Тут он, конечно, был прав – но не железно прав.
– Салли не позволяет почтальону доставлять почту, – возразила я. – Она забирала свои письма из почтового отделения сама – до того, как ее сбили. Понятия не имею почему.
– И не пытайся понять, – сказал отец.
– Но кого я видела? Черт с ним, с правом ходить по чужому дому, – тот человек…
– Мел, – сказал мой отец, – кто из нас писатель? Разве к этому времени ты не заметила, что жизнь каждого человека полна вещей, которые другим понять попросту не дано? Если что-то тебе до конца и понятно – это ситуация из ряда вон. Знавал я одного типа – свел знакомство, когда только приехал в Лондон… – Тут он умолк ненадолго и развивать мысль не стал. – К счастью, жизнь и не требует от нас всеохватного понимания. И уж точно она не требует от нас слишком пристального интереса к делам других.
Совершенно сбитая с толку, я ничего не сказала. Отец похлопал меня по плечу.
– Знаешь, иногда, при плохом свете, людям всякое чудится… особенно тонко чувствующим девочкам вроде тебя, Мел. – Прошло уж столько лет с моего детства, а он все еще зачем-то называл меня «девочкой».
Когда я поднималась наверх, чтобы лечь спать, мне пришло в голову, что снова кое-что забыла; а именно – забрать «кое-какие вещи» Салли.
Естественно, мисс Гарвис первым делом спросила меня именно о них.
– Мне очень жаль. Я забыла. Наверное, из-за дождя, – рассыпалась я в извинениях, как ученица перед учительницей.
Мисс Гарвис слегка цокнула языком. Но ее мысли были заняты другим. Она прошла к двери, выходящей из ее кабинета на сестринский пост.
– Серена!
– Да, мисс Гарвис? – донесся голос младшей медсестры.
– Проследи, чтобы меня не беспокоили какое-то время, хорошо? Я скажу тебе, когда закончу свои дела.
– Да, мисс Гарвис. – Дверь робко затворилась изнутри.
– Я хочу сказать вам кое-что по секрету, – сказала она, повернувшись ко мне.
Я улыбнулась. Заранее оказанное доверие редко бывает оправданным.

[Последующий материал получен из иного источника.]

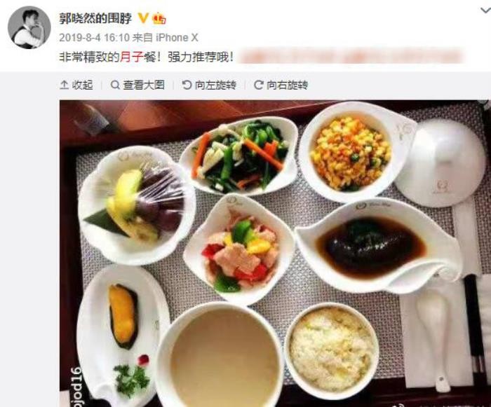 不过,整理一下,发现郭晓然生子这件大事是有迹可寻的,他去年曾发过一组月子餐照片,还圈了两个月子中心。当时粉丝都是黑人问号脸,最终定论为他在为这个月子中心打广告。

– Вам известны наши распорядки. Мы взяли ряд анализов у Салли. Один результат у нас вызвал весьма конкретные подозрения. – Мисс Гарвис чиркнула спичкой о запальник у себя на столе и, кажется, на мгновение забыла, что это все – ради сигареты, зажатой у нее в пальцах свободной руки. – Вы знали, что ваша подруга беременна?
– Нет, – ответила я. – Но это, в принципе, могло бы кое-что объяснить.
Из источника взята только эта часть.